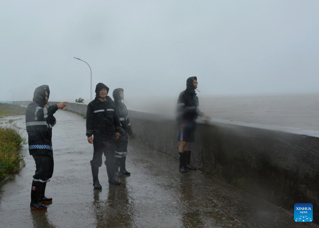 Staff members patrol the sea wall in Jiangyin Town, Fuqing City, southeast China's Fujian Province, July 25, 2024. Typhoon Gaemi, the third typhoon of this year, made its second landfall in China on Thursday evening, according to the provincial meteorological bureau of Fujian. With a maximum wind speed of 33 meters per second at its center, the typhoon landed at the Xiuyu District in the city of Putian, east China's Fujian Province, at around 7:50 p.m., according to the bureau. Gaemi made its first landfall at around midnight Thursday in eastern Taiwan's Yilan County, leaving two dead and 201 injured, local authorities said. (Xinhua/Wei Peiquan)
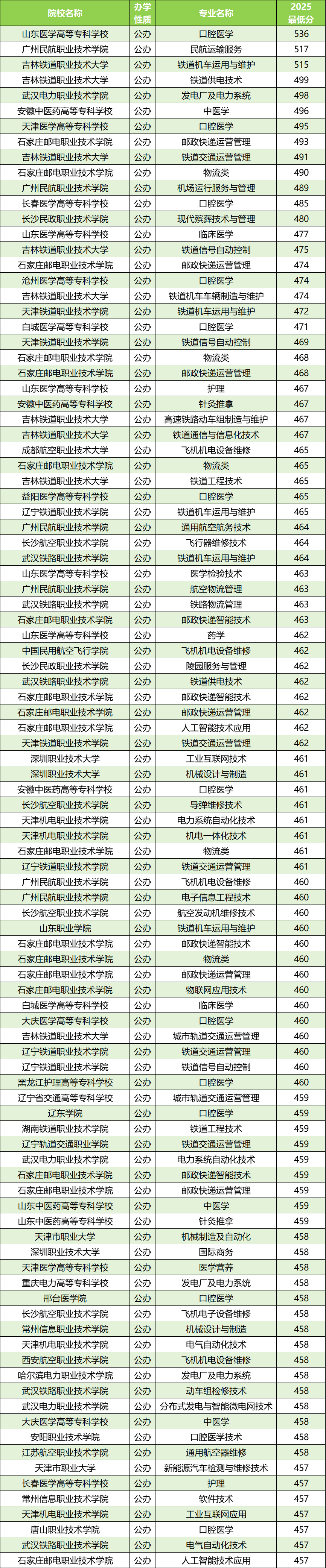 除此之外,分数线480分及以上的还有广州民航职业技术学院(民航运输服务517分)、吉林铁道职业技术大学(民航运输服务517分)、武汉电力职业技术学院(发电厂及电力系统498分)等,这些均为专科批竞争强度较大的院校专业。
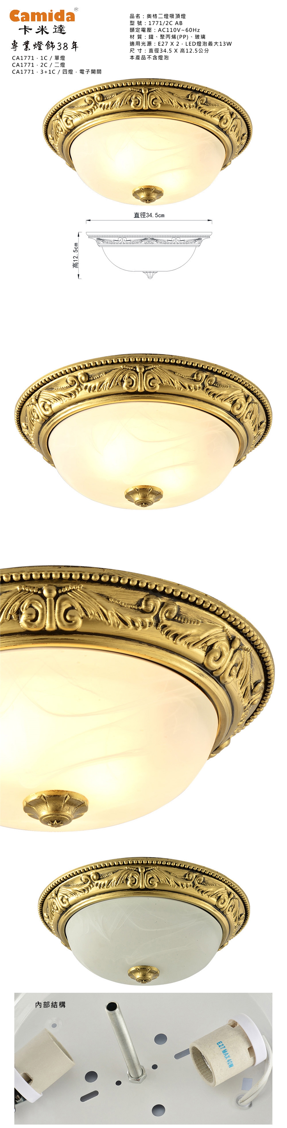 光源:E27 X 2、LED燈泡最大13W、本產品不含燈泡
= = = =
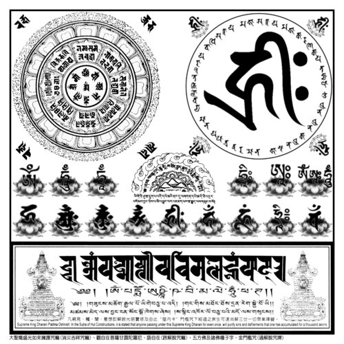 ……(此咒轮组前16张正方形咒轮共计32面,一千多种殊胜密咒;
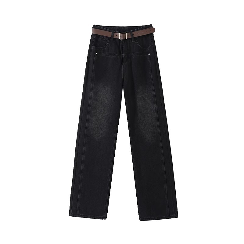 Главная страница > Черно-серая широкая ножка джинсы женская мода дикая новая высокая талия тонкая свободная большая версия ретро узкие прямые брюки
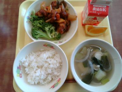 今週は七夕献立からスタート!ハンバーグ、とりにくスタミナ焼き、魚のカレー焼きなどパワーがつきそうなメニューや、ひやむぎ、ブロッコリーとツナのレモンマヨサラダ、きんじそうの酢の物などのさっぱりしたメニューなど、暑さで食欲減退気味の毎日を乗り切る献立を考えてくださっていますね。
= = = =
__Directions for this task__
Copy exactly the part of the material above that opens with the line containing "Главная страница >" and closes with the line containing "今週は七夕献立からスタート!", ends included. Drop the images.

__Output__
 Главная страница > Черно-серая широкая ножка джинсы женская мода дикая новая высокая талия тонкая свободная большая версия ретро узкие прямые брюки
 今週は七夕献立からスタート!ハンバーグ、とりにくスタミナ焼き、魚のカレー焼きなどパワーがつきそうなメニューや、ひやむぎ、ブロッコリーとツナのレモンマヨサラダ、きんじそうの酢の物などのさっぱりしたメニューなど、暑さで食欲減退気味の毎日を乗り切る献立を考えてくださっていますね。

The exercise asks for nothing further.